The fifty years of the US Cuban policy has been a total failure at its primary goal – the removal of Fidel. The man still wields great power and influence on the island, now under the control of his brother. He retired for medical reasons, not pressure from the US.

Calle Ocho and Fidel torpedoed Jimmy Carter’s move to normalize relations with Cuba, but Fidel has moderated and Calle Ocho’s influence has been fading. Looking at what happened to Marco Rubio when he attempted to get a compromise immigration bill through Congress shows that the Republican Party is more concerned with the views of the Tea Party, because Calle Ocho can no longer guarantee the votes it did a decade ago.

There is too much money to be made by opening relations with Cuba for there to be serious opposition in Congress. Too many Cubans want to be able to move freely between the US and the island for the old-timers to guarantee support for the politicians who attempt to block this change in policy.

6 comments

1 Badtux { 12.19.14 at 1:25 am }

I’m suspecting Fidel isn’t even alive any more, or if so, he’s barely so, certainly not running the country anymore. I guess being dead, or in a vegetative state, is “moderated” though LOL :).

You’d think that 54 years of embargo would be enough to overthrow the Communist government of Cuba if it was going to happen, but apparently the only reason it didn’t work is because we need 108 years of embargo. Or somethin’. Huhn.

– Badtux the Snarky Penguin

2 Bryan { 12.19.14 at 11:01 am }

They’ll probably stuff him like Lenin and put him on permanent display in a glass case when he is officially dead. If they re-broadcast his speeches after the two-hour mark no one will know he isn’t making them live because he is the only one in the country who was actually listening at that point. 😈

The two groups beyond Calle Ocho who want to block this are Big Sugar and the cigar makers, but they haven’t bought enough of the Congress to do them any good.

Oh, yeah, the stupid policy didn’t fail, we failed the policy, so we need to continue it.
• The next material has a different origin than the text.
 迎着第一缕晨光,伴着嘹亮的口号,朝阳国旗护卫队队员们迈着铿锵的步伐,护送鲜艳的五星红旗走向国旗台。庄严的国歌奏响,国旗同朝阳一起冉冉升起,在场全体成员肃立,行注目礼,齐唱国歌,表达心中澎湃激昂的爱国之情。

The only people other than Calle Ocho who are pissed off about the normalization are the leaders of Venezuela who view this as a ‘stab in the back’.
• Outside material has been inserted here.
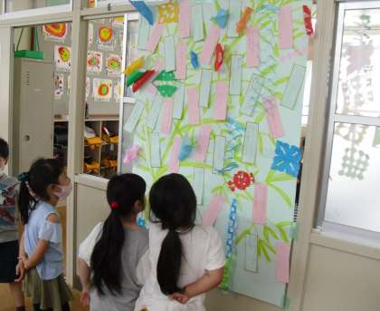 みんなでかざりを見合って,声をかけていました。

3 hipparchia { 12.19.14 at 7:23 pm }

“the leaders of Venezuela who view this as a ‘stab in the back’.”

I was guessing that was the main reason for “why now”…

4 Bryan { 12.19.14 at 9:18 pm }

The Pope was pushing for it, and Obama got a US citizen released, but, yes, annoying Venezuela was certainly a feature for the deal. Cuba has also been a primary donor to the Ebola crisis, sending a lot of medical personnel to the area, while the West has been enacting laws to suppress involvement by their medical personnel.

5 Badtux { 12.19.14 at 10:42 pm }

Annoying Russia also had to be part of the package. Russia is losing their onliest bestest friend in the Americas. Maybe not immediately, but the writing is on the wall. Economic conquest is something the US *does*.

6 Bryan { 12.19.14 at 11:33 pm }

Annoying Russia may have been part of Cuba’s strategy on this move. Vladimir is not any more subtle than the Shrubbery when it comes to all things economic. He has wrung some major concessions from Cuba in exchange for buying sugar, and with the possible oil fields off the Cuban coast, Havana isn’t as dependent on Russia or Venezuela as it once was for fuel.

Cuba has its own reasons for going along with this change and may consider the US as the least of the evils available. With oil below $60/barrel the power of Russia and Venezuela has taken a hit.